The comparative analysis reveals that although similar impediments to clinical translation are identified in both US and EU policy documents, these are framed within different sociotechnical imaginaries. The US approach emphasizes a market-driven model, focusing on removing barriers to the commercialization of biomedical innovations. The EU approach, in contrast, intertwines translational efforts with broader political goals of economic growth, integration, and identity formation. This difference is reflected in the types of institutions involved in shaping policy and the overall framing of the translational challenge. Both approaches reveal tendencies toward reductionist understandings of innovation, with a focus on technological outputs rather than broader social and contextual factors. The study also acknowledges shared trends such as the evolving role of the state, collectivization of risk, and increasing geopolitical competition in science and technology.

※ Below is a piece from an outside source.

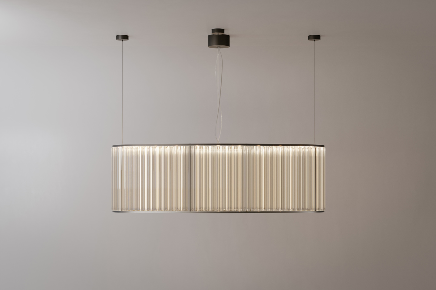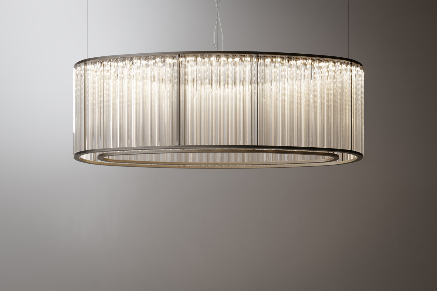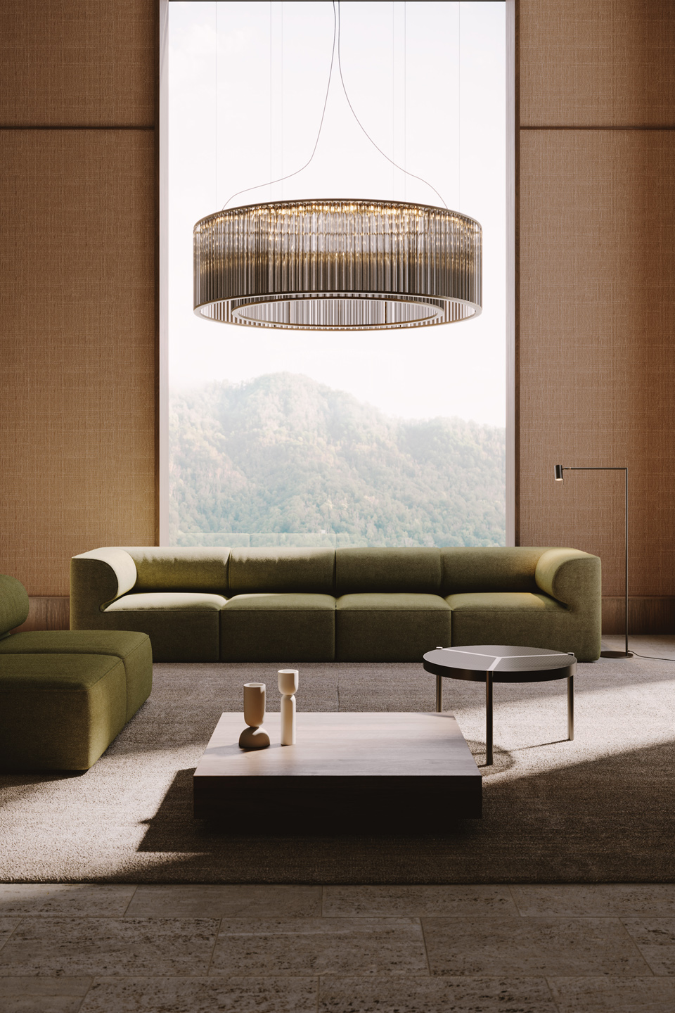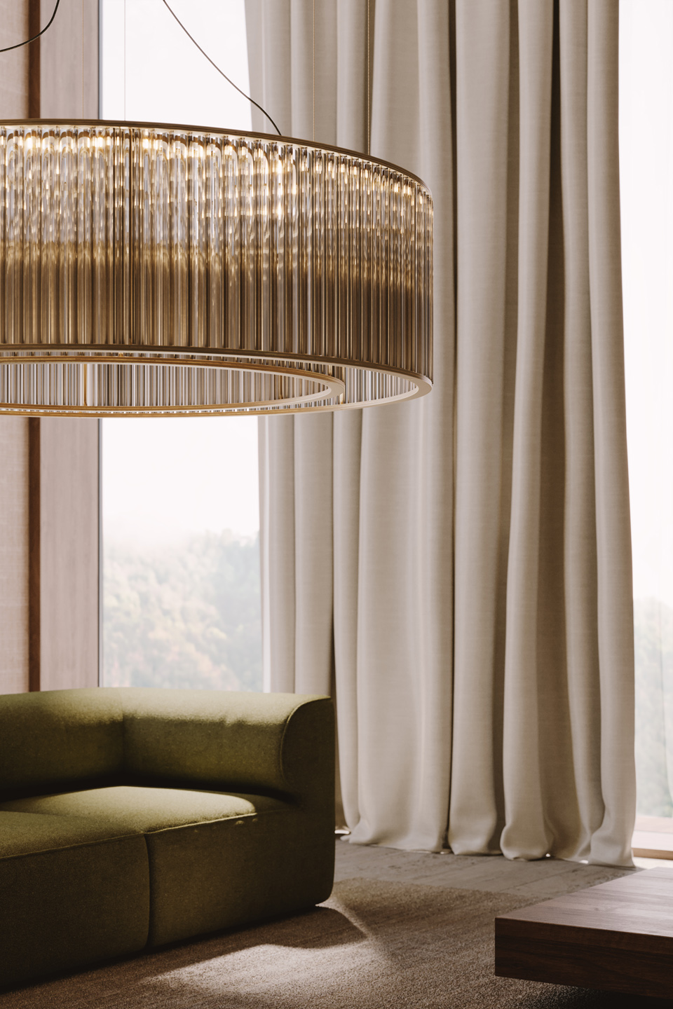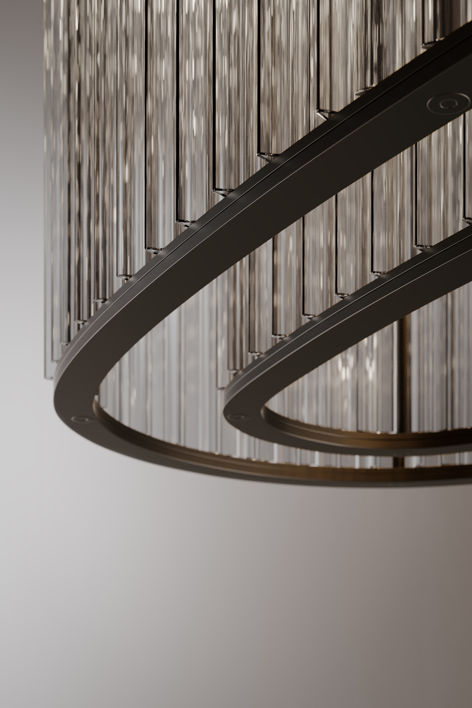 Crown Suspension’s imposing luminous sculptured form shapes the light, creating evocative reflections in the surrounding space. The luster of its amber or smoke grey Murano crystal glass trihedrons is enhanced by its burnished brass or matte black nickel metal structure. Crown is also available in ceiling and wall versions.

The study demonstrates how the translational lag narrative is interwoven with state-specific visions of progress and statecraft. In the US, the focus is on reinstating linearity in the knowledge-to-innovation pipeline, while the EU emphasizes the use of translational efforts to build a cohesive knowledge-based economy and strengthen European identity. The shared trends include the changing role of the state and the increasing focus on commercialization in translational research. Future research could explore the long-term impacts of these different approaches on the organization of biomedical research and its societal implications.

The study focuses on a specific set of policy documents, which may not fully capture the nuances of the translational discourse. Future research could expand the scope of the analysis to include additional types of documents (e.g., industry reports, scientific publications) and perspectives (e.g., stakeholder interviews). The analysis is also limited by the reliance on publicly available documentation which may reflect only certain aspects of policy development and its implementation.